Neiva became important during the colonial times because of its strategic location. It was located in the trade route that communicated the Viceroyalty of Peru with Bogotá and Caracas. The city was declared as the capital of the Province of Neiva, made up of the Neiva, La Plata, Timaná, Purificación cabildos. In 1905 the city became the capital of the newly created Huila Department, which had been severed from the Tolima Department by the national government.

In 1967, the city was hit severely by an earthquake of magnitude 7.2. The earthquake destroyed several buildings including the Palacio de las 57 ventanas, the Governor's building.

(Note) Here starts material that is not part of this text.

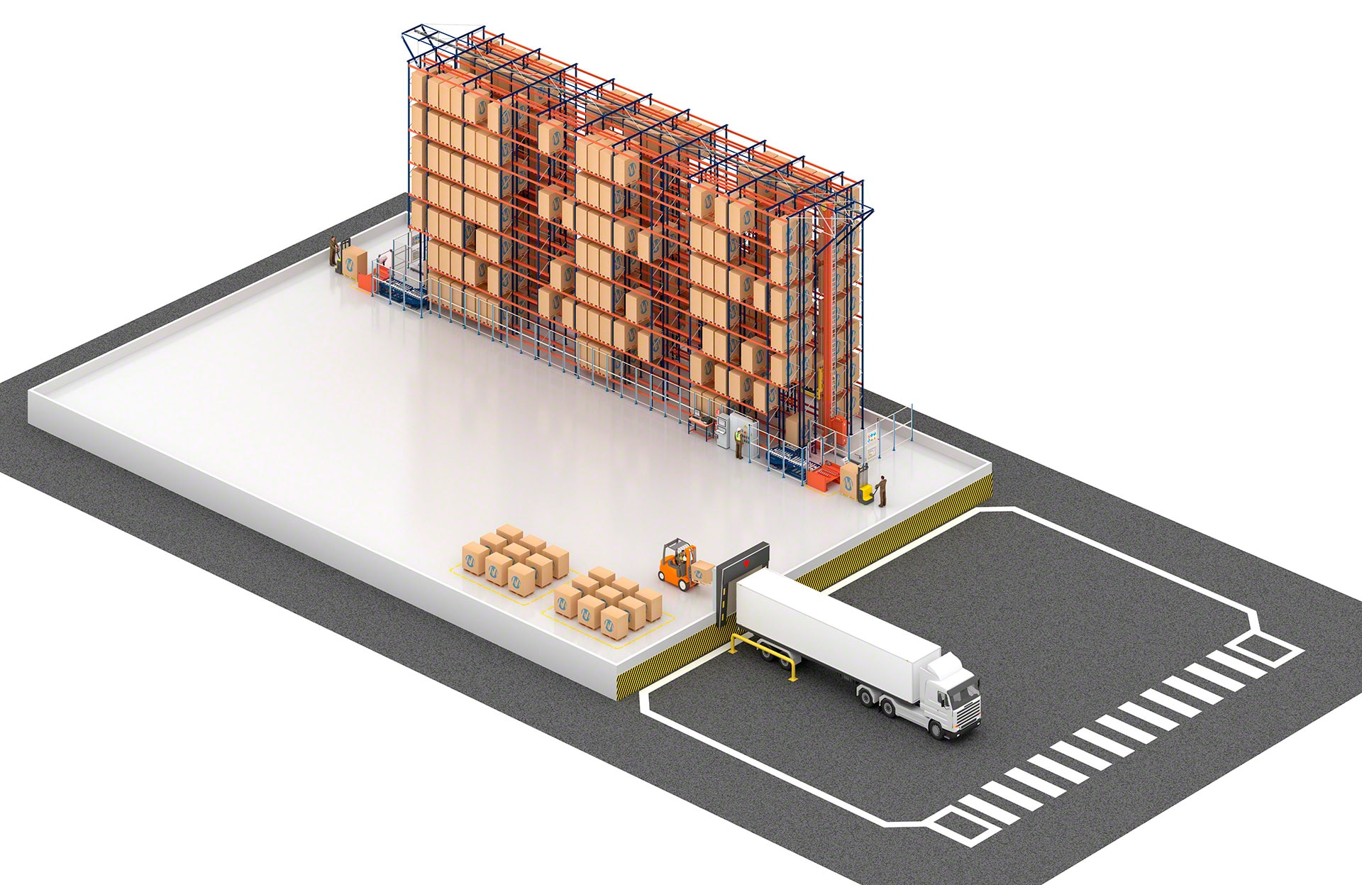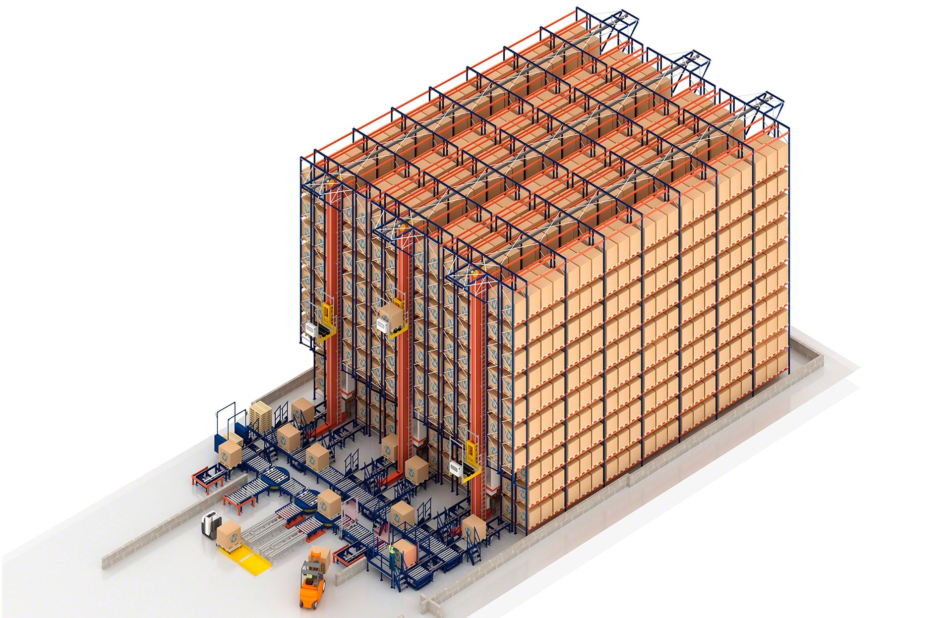 Automated storage and retrieval system (AS/RS) for pallets designed to boost productivity and increase warehouse capacity.

In 2003 the city was the scene of a large bombing that was targeted at the Colombian President. 13 people were killed.

Geography and climate
The city has the dry-summer tropical savannah climate (Köppen climate classification: As), relatively rare and scattered across the world.

Due to its location near the equator and its low altitude, the city has a hot annual average climate with daytime temperatures ranging from 88 to 95 degrees Fahrenheit. It is about 300 kilometers / 186.4 miles (about a five-hour drive) from the Colombian capital, Bogotá.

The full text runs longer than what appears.